Efficiency vs. Flow
The tradeoff between filtration efficiency and throughput will always be with us. Andrew Zydney, Ph.D., who heads the department of chemical engineering at the Pennsylvania State University, has discovered a way to diminish that compromise. Dr. Zydney uses electrically charged UF membranes that repel proteins of similar charge but simultaneously provide the high flux expected from filters with larger pores. Charged membranes are currently used industrially to recover electropaints, charged-particle pigments used in automobiles and appliances.
Final product formulators will be interested in this charge-directed filtration since their product streams are relatively pure. Processors prefer to perform these purifications rapidly—in three hours or less—with as low a membrane area as possible, to avoid product degradation. “The normal way to achieve this is with tight membranes, which have low flux and require long processing times,” states Dr. Zydney.
Charged ligands consist of quaternary amines and a variety of counter-ions. Dr. Zydney continues to investigate the impact of varying the ligands, charge density, length of the spacer arms connecting the charged ligand to the membrane material, and even the counter-ions. The standard negative ion for quaternary amines is hydroxide, but evidence from chromatography suggests the counter-ion may affect selectivity. “Whether this holds here or not remains to be seen,” says Dr. Zydney
Dr. Zydney has been testing his invention in the real world through collaborations with Genentech (www.gene.com) and Millipore. “A commercial, first-generation product is in the works, but I don’t know the timeline,” he says
Although some newer processes are shrinking as cell productivity and protein activity rises, existing processes, especially those for approved monoclonal antibodies, are growing in scale as the number of approved indications and market demand increase. For Mabs, that means bioreactors of 20,000 liters or more, this has created the need for higher-capacity and -flux culture filtration.
The market is also shifting from the use of 0.2-micron filters to 0.1-micron to better protect against mycoplasma contaminations, according to Ralf Kuriyel, director of biopharm applications R&D at Pall (www.pall.com). In the absence of industry standards for 0.1 micron rated filters, the Parenteral Drug Association (www.pda.org) has formed a task force to establish standard challenge conditions for vendor qualification of mycoplasma retentive filters, which are nominally rated at 0.1 micron.

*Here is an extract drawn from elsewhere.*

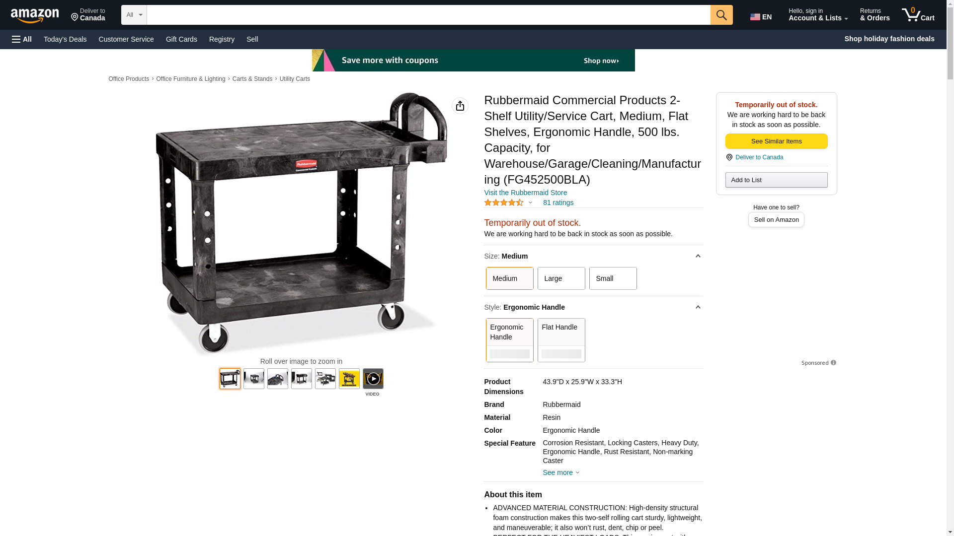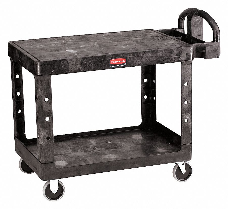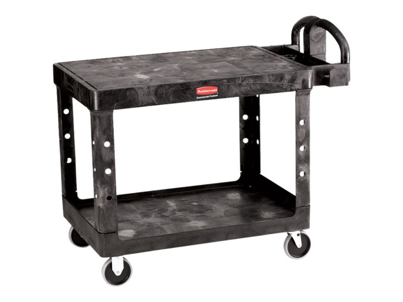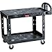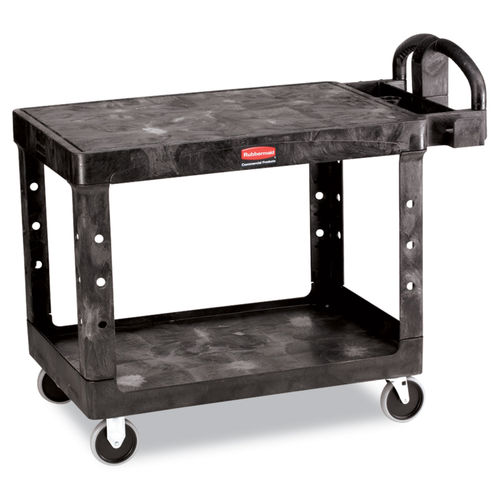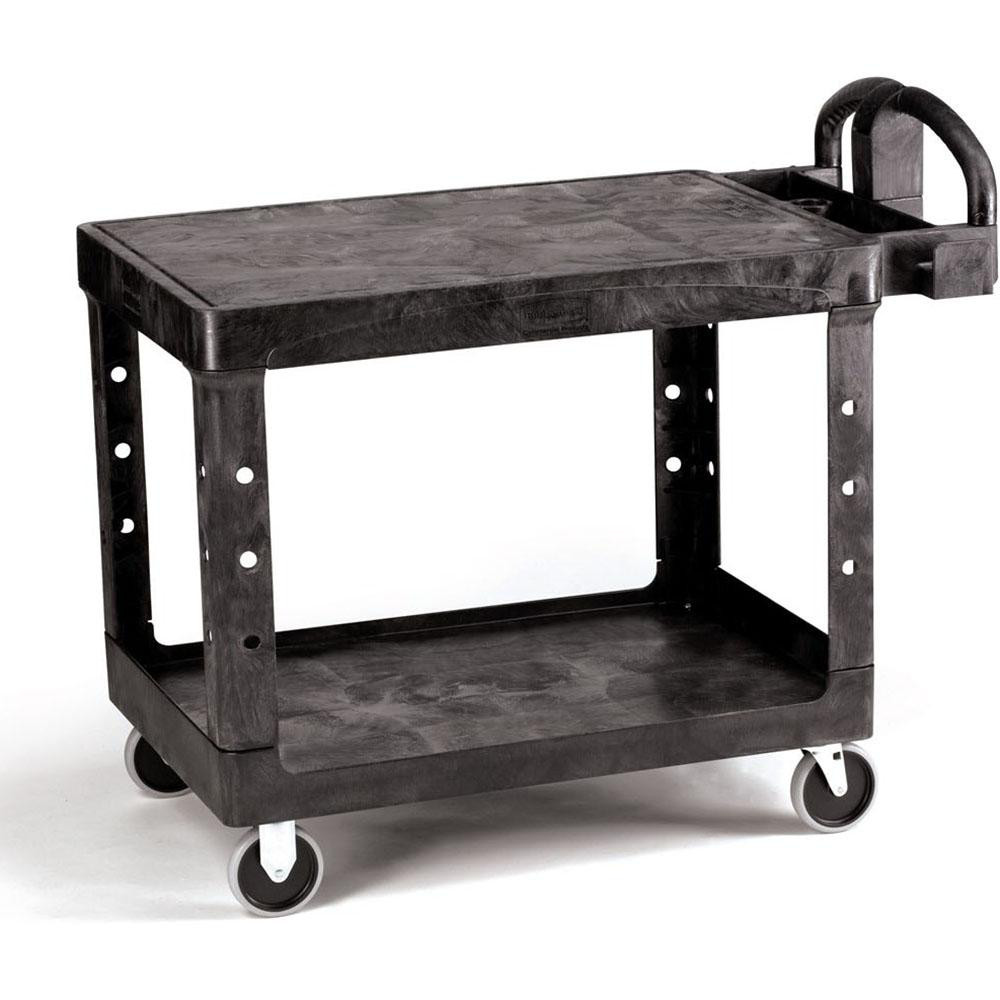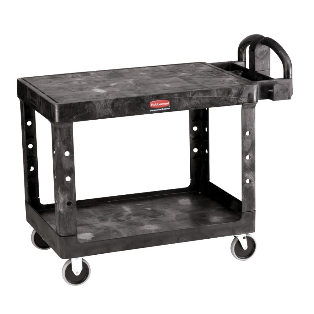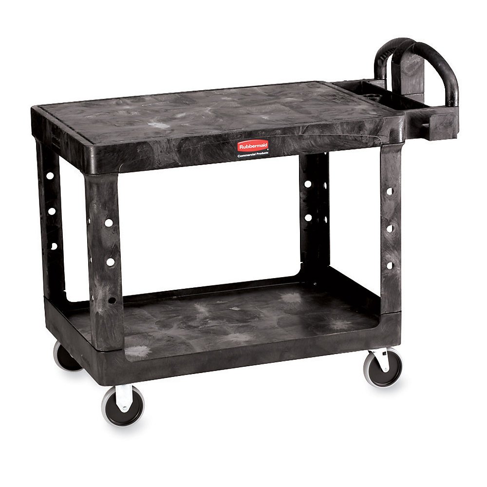 Rubbermaid Commercial Products 2-Shelf Utility/Service Cart, Medium, Flat Shelves, Ergonomic Handle, 500 lbs. Capacity, for Warehouse/Garage/Cleaning/Manufacturing (FG452500BLA)

In this particular case, the task force must balance the requirements of high throughput against retention of mycoplasma—essentially a safety tradeoff. Setting retention standards too high, for example at 100%, would dramatically degrade performance. The question is how much less than 100% retention of pathogenic bacteria will regulators accept?
High titers, although always welcome, are somewhat of a mixed blessing since they present challenges for post-harvest clarification in the form of increased debris. The filtration following protein capture has also become more difficult due to the precipitation occurring during product pool neutralization. “Biotech manufacturers are looking for a single filter that has a high capacity for clean streams, such as buffers, and can also accommodate streams with higher solids loading,” says Kuriyel.

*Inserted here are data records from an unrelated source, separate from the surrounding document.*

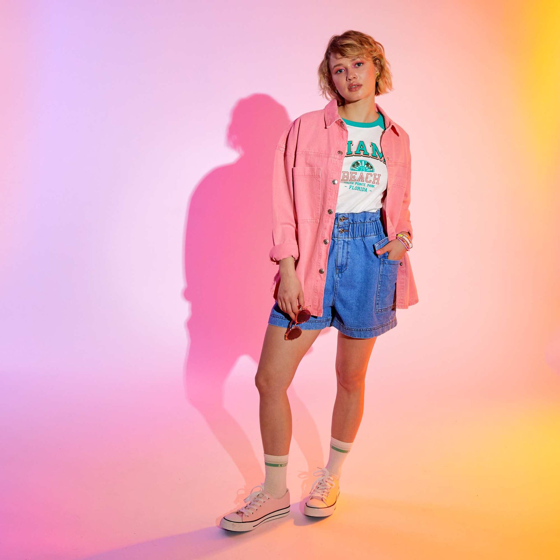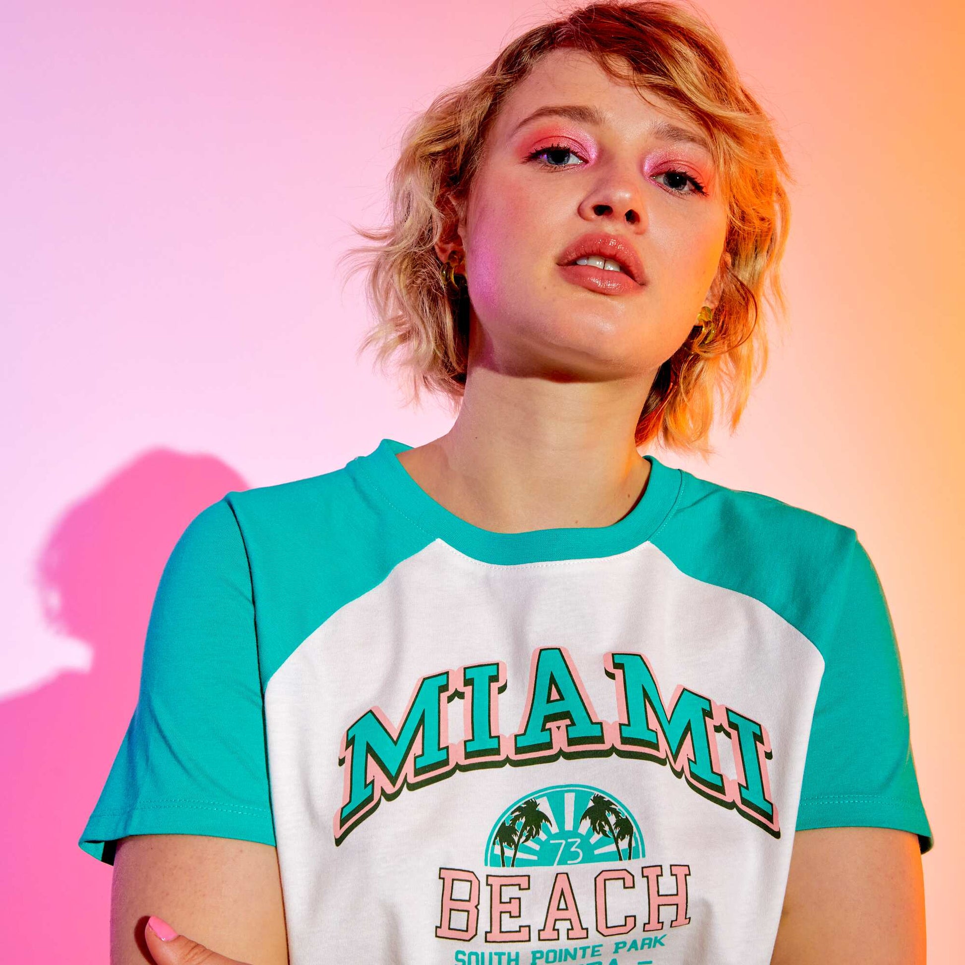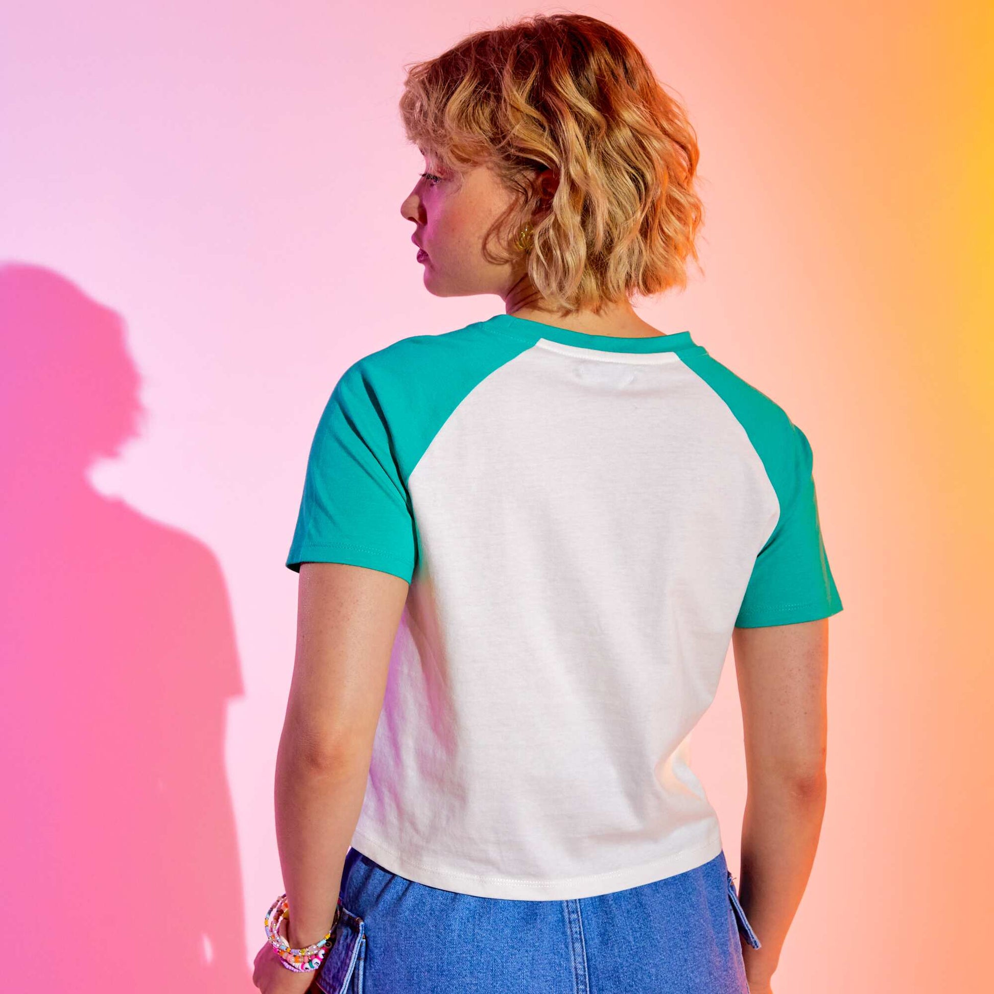Un t-shirt coupe courte avec une inscription devant type américaine ! - Tee-shirt imprimé - 100% coton - Manches courtes raglan - Col rond - Coupe courte - Imprimé à l'avant - Longueur dos : 47 cm environ - Notre mannequin porte une taille M et mesure 1m67
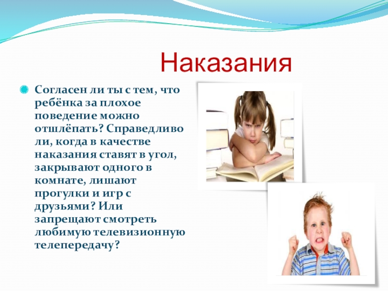Согласен ли ты с тем, что ребёнка за плохое поведение можно отшлёпать? Справедливо ли, когда в качестве наказания ставят в угол, закрывают одного в комнате, лишают прогулки и игр с друзьями? Или запрещают смотреть любимую телевизионную телепередачу?
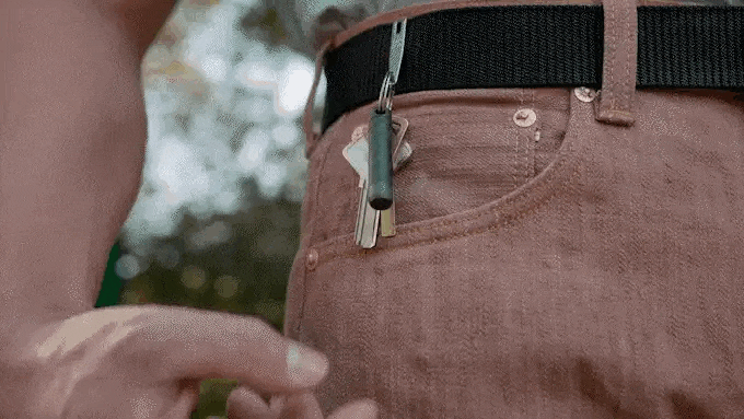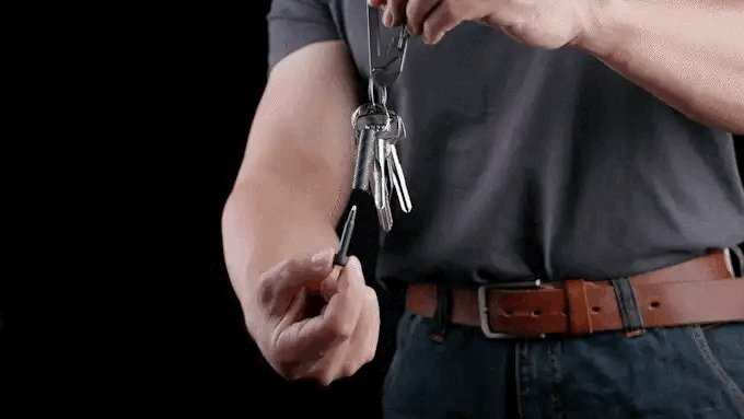 「P3N」は、キーリングなどに取り付けて携帯する仕様。炭素繊維で構成されたペンケースには磁石が埋め込まれており、手軽に着脱できる。

Similarly, biomanufacturers are adopting small virus filtration early in bioprocesses, with a premium on high flux, capacity, and log removal values whose performance does not degrade as a function of throughput, even with challenging process fluids. “Users,” says Kuriyel, “prefer to conduct virus filtration at protein concentrations between 15–25 mg/mL, a target that may require the development of new membranes.”
As the final protein concentrations reach 10 to 15 g/L, the final ultrafiltration/diafiltration step becomes difficult due to higher viscosities, necessitating design of products with reasonable feed channel pressure drops and adequate mass transfer properties. “Disposable TFF devices are attracting more interest for these applications,” says Kuriyel, “due to the simplicity of operation and validation.”
In March, Pall introduced the Supor® UEKV and Fluorodyne® EX high-flow, sterilizing-grade cartridge filters. The 0.2-micron Supor UEKV combines Pall’s Ultipleat® membrane packing technology with a small-core design, providing a 50% increase in membrane area in the same size filter element. Supor UEKV also incorporates Pall’s machV polyethersulfone (PES) prefilter membrane layer with an asymmetric pore structure.
Also utilizing the Ultipleat design, Fluorodyne EX features a built-in mach V PES prefilter over a high-flow 0.2-micron polyvinylidinedifluoride sterilizing membrane. The ability to steam sterilize both filters without pre-wetting reduces preparation time.